**Problem requirements**. Please repeat the lines below, exactly and only, from the one that holds "หรือ ไอคอนด้านล่างข้อความนั้นๆ เพื่อไปหน้ารวมเธรด" through the one that holds "(서울=포커스뉴스) 20일 오후".

**Data in this exercise**.
....
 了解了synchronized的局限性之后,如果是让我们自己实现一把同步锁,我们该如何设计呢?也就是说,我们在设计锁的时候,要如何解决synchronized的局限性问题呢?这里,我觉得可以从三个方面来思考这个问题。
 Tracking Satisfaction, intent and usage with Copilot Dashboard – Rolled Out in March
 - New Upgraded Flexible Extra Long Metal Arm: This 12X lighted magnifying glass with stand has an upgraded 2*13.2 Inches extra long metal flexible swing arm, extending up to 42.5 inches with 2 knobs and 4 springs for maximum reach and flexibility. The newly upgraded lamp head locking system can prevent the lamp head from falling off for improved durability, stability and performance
....
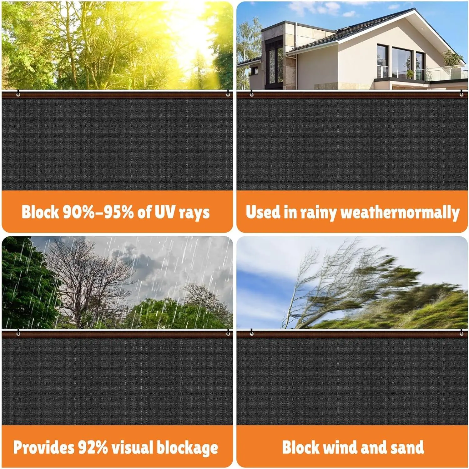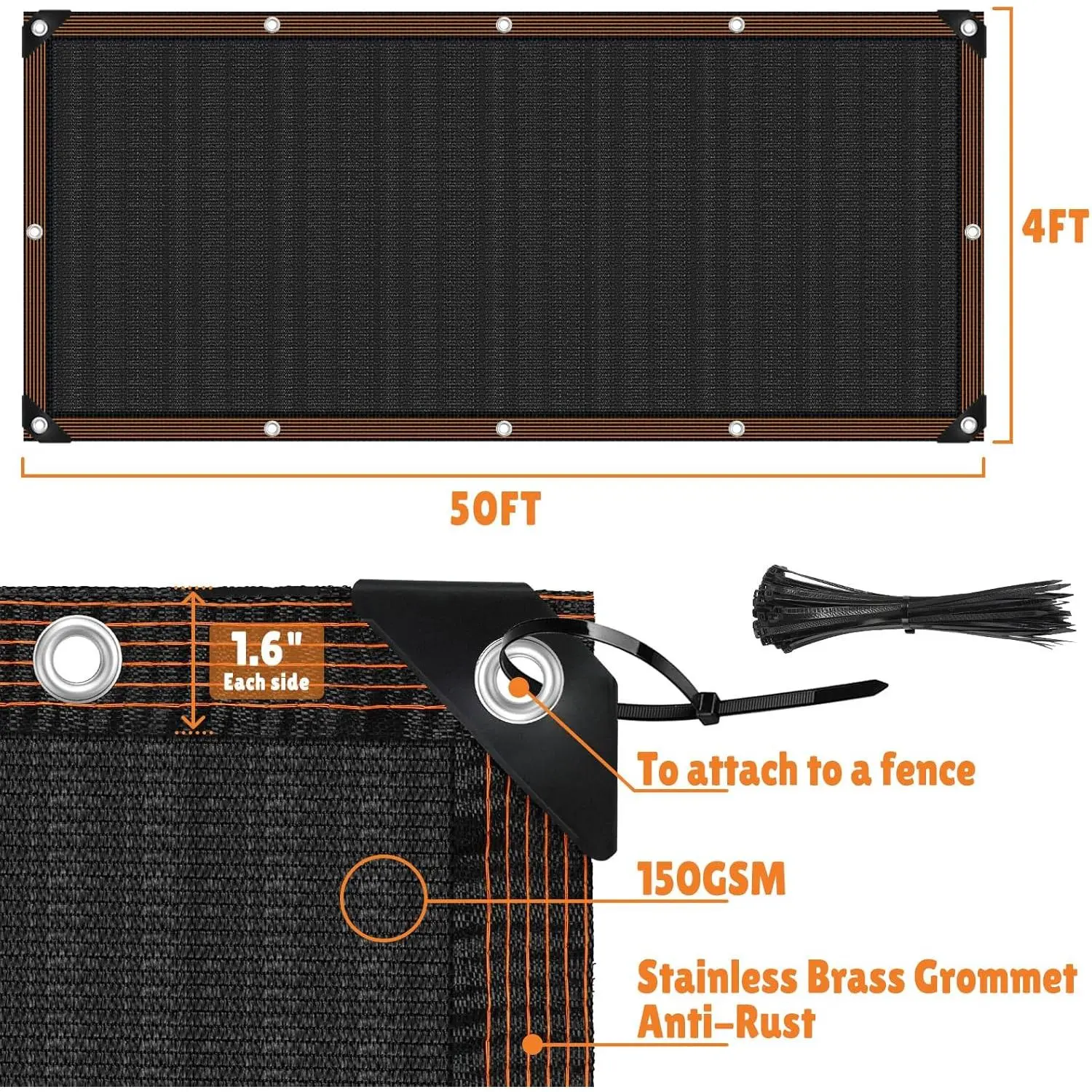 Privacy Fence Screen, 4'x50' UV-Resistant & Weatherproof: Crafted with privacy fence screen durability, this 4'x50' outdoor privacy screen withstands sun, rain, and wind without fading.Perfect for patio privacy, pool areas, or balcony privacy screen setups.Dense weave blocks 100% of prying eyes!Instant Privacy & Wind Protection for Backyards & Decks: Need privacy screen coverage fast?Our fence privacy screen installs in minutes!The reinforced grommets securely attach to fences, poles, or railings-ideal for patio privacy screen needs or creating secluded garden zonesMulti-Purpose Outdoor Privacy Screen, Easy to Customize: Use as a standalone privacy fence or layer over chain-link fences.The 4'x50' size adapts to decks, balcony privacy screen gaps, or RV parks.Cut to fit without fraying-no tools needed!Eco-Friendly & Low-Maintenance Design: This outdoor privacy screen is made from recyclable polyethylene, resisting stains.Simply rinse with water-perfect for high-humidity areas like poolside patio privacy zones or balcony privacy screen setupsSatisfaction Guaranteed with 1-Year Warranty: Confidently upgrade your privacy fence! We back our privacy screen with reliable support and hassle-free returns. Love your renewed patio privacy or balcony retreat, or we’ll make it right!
....
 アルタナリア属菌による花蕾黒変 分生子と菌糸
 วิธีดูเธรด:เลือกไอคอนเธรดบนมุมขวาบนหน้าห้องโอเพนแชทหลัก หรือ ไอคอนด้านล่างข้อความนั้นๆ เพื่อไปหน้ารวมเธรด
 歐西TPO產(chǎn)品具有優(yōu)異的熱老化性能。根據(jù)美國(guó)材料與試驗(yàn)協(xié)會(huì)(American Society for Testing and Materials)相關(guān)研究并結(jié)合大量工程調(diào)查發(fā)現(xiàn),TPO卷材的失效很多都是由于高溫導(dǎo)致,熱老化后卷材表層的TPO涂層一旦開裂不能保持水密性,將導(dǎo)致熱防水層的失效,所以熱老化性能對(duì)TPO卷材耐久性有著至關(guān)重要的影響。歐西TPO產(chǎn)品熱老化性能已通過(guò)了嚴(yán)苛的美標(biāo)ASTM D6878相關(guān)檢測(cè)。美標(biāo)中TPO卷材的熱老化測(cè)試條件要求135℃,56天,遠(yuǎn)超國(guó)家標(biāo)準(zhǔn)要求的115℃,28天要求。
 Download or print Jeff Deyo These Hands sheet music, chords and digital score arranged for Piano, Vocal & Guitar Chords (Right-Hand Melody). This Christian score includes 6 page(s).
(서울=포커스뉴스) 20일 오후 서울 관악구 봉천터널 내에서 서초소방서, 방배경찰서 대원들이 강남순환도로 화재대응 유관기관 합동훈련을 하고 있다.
....
**Completed task**.
 วิธีดูเธรด:เลือกไอคอนเธรดบนมุมขวาบนหน้าห้องโอเพนแชทหลัก หรือ ไอคอนด้านล่างข้อความนั้นๆ เพื่อไปหน้ารวมเธรด
 歐西TPO產(chǎn)品具有優(yōu)異的熱老化性能。根據(jù)美國(guó)材料與試驗(yàn)協(xié)會(huì)(American Society for Testing and Materials)相關(guān)研究并結(jié)合大量工程調(diào)查發(fā)現(xiàn),TPO卷材的失效很多都是由于高溫導(dǎo)致,熱老化后卷材表層的TPO涂層一旦開裂不能保持水密性,將導(dǎo)致熱防水層的失效,所以熱老化性能對(duì)TPO卷材耐久性有著至關(guān)重要的影響。歐西TPO產(chǎn)品熱老化性能已通過(guò)了嚴(yán)苛的美標(biāo)ASTM D6878相關(guān)檢測(cè)。美標(biāo)中TPO卷材的熱老化測(cè)試條件要求135℃,56天,遠(yuǎn)超國(guó)家標(biāo)準(zhǔn)要求的115℃,28天要求。
 Download or print Jeff Deyo These Hands sheet music, chords and digital score arranged for Piano, Vocal & Guitar Chords (Right-Hand Melody). This Christian score includes 6 page(s).
(서울=포커스뉴스) 20일 오후 서울 관악구 봉천터널 내에서 서초소방서, 방배경찰서 대원들이 강남순환도로 화재대응 유관기관 합동훈련을 하고 있다.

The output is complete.